**THE PROBLEM:** Any picture in the data below should be skipped, while every line is repeated exactly.

**MATERIAL PROVIDED:**
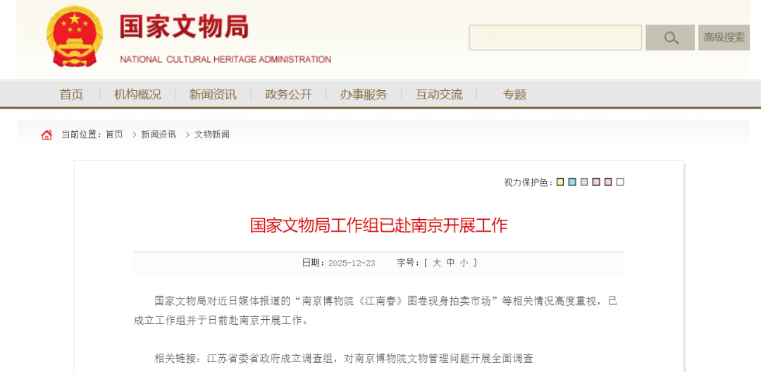国家文物局对近日媒体报道的“南京博物院《江南春》图卷现身拍卖市场”等相关情况高度重视,已成立工作组并于日前赴南京开展工作。
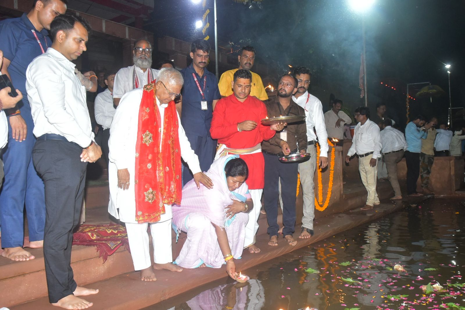 इस दौरान नमामि नर्मदे महाआरती ट्रस्ट के सदस्यगण, श्री विनय मिश्रा, अपर कलेक्टर श्री राजेन्द्र कुमार सिंह, एसडीएम मण्डला श्रीमती सोनल सिडाम, तहसीलदार श्री हिमांशु भलावी सहित बड़ी संख्या में श्रृद्धालुजन उपस्थित रहे। महाआरती के पश्चात नमामि नर्मदे महाआरती ट्रस्ट की ओर से कलेक्टर श्री सोमेश मिश्रा एवं श्री प्रफुल्ल मिश्रा ने राज्यपाल श्री पटेल को दुपट्टा भेंट कर नर्मदा तट पर उनका अभिनंदन किया। स्मृतिचिन्ह के रूप में मंत्री श्रीमती उइके एवं कलेक्टर श्री मिश्रा ने राज्यपाल को माँ नर्मदा का छायाचित्र भेंट किया।
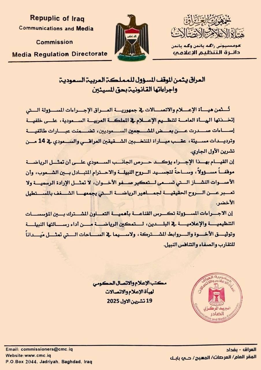وختمت هيئة الإعلام والاتصالات بيانها بالتأكيد على أن العراق حريص على مواصلة التنسيق مع الجانب السعودي لتمكين الرياضة من أداء رسالتها الإنسانية في بناء جسور التفاهم والصداقة بين الشعوب.

**ANSWER SPACE:**
国家文物局对近日媒体报道的“南京博物院《江南春》图卷现身拍卖市场”等相关情况高度重视,已成立工作组并于日前赴南京开展工作。
 इस दौरान नमामि नर्मदे महाआरती ट्रस्ट के सदस्यगण, श्री विनय मिश्रा, अपर कलेक्टर श्री राजेन्द्र कुमार सिंह, एसडीएम मण्डला श्रीमती सोनल सिडाम, तहसीलदार श्री हिमांशु भलावी सहित बड़ी संख्या में श्रृद्धालुजन उपस्थित रहे। महाआरती के पश्चात नमामि नर्मदे महाआरती ट्रस्ट की ओर से कलेक्टर श्री सोमेश मिश्रा एवं श्री प्रफुल्ल मिश्रा ने राज्यपाल श्री पटेल को दुपट्टा भेंट कर नर्मदा तट पर उनका अभिनंदन किया। स्मृतिचिन्ह के रूप में मंत्री श्रीमती उइके एवं कलेक्टर श्री मिश्रा ने राज्यपाल को माँ नर्मदा का छायाचित्र भेंट किया।
وختمت هيئة الإعلام والاتصالات بيانها بالتأكيد على أن العراق حريص على مواصلة التنسيق مع الجانب السعودي لتمكين الرياضة من أداء رسالتها الإنسانية في بناء جسور التفاهم والصداقة بين الشعوب.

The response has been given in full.